Invited Speakers

Prof. Reinhard Klette, University of Auckland, New Zealand
Stereo and motion analysis of long stereo image sequences for vision-based driver assistance
Prof. Josef Kittler, University of Surrey, UK
Information fusion in content-based retrieval from multimedia databases
Prof. Kyros Kutulakos, University of Toronto, Canada
High-performance photography with a conventional camera

Prof. Reinhard Klette: Stereo and motion analysis of long stereo image sequences for vision-based driver assistance

The .enpeda.. (Environment perception and Driver Assistance) project at the University of Auckland provides test data and evaluation methodology for comparing the performance of low-level vision processes (stereo, image features, motion, etc.). The generation of ground truth is an interesting aspect of this evaluation, with, for example, possibilities in `accurate post-processing' of recorded stereo sequences, or of pre-modeling of larger areas to be used for recording sequences with a test vehicle. Current evaluations also address more advanced subjects such as scene flow, object tracking, or free-space calculation. The .enpeda.. project is in close collaboration with Daimler AG, Germany (group of Dr. Uwe Franke).

Prof. Josef Kittler: Information fusion in content-based retrieval from multimedia databases

The retrieval of information from multimedia databases is a challenging problem because of the number of different concepts that may be of interest to the user and the multifaceted characteristics of each concept. The concept properties may span different sensing modalities and within each modality call for the use of a diverse set of features. Commonly, the retrieval problem is formulated as a detection problem (a two class pattern recognition problem), whereby the content of interest is looked for in the multimedia material and discriminated from the anti-concept class. The detectors are designed to capture the different manifestations of each concept class (colour, texture, shape, sounds). The design process is often hampered by small sample set and class imbalance problems.

The nature of the retrieval problem raises issues in information fusion. Both, feature level and decision level fusion provide useful mechanisms for tackling different aspects of the concept detector design process. At the feature level, the fusion is often accomplished with multi-kernel machine learning methods. The key question in this approach is how to weigh the contributions of the respective kernels. The weight allocation is normally controlled by regularisation. We discuss the effect of different norms on weight assignment. The findings lead to a two-stage machine learning strategy where the first stage serves simply as a means to eliminate non informative kernels. In contrast, decision level fusion is adopted for dealing with the class population imbalance problem. We show that by extreme under sampling of the negative (anti concept) class we can create a large number of weak classifiers, the fusion of which has the capacity to improve retrieval performance.

The techniques discussed are evaluated on standard benchmark databases, including PASCAL VOC 08 image data set and Mediamill Challenge video database, based on the NIST TRECVID 2005 benchmark. The performance is measured using average precision that combines precision and recall into one performance figure. The benefits of various fusion mechanisms are demonstrated.

Prof.
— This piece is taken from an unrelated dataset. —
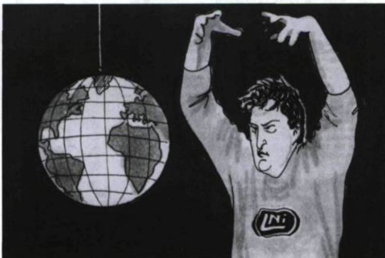
Illustration de Pierre St-Denis, tirée du Programme-souvenir de la 1 re Coupe du Monde d'improvisation, 1985, p. 9.

Mais là aussi, comme tout un chacun, il n'a pas su, pas pu, pas voulu sans doute être totalement fidèle à ses propres principes face à cette création iconoclaste, révolution-

Kyros Kutulakos: High-performance photography with a conventional camera

In this talk I will give the traditional camera a fresh, "computational" look: I will show that we can significantly boost the optical performance of a camera by slightly changing the way it captures photos: instead of taking a single snapshot at the press of a button, the camera should record a whole sequence of wide-aperture photos, corresponding to a special type of "focal stack". This sequence is then merged algorithmically into a final photo that the photographer sees.

By generalizing the traditional photographic concepts of "depth of field" and "exposure time" to the case of focal stacks, I will show that this type of photography has two performance advantages: (1) we can capture a given depth of field much faster than one-shot photography allows, and (2) we can significantly increase the quality (i.e., signal-to-noise ratio) of photos captured within a restricted exposure time. I will consider these advantages in detail and discuss their implications for photography.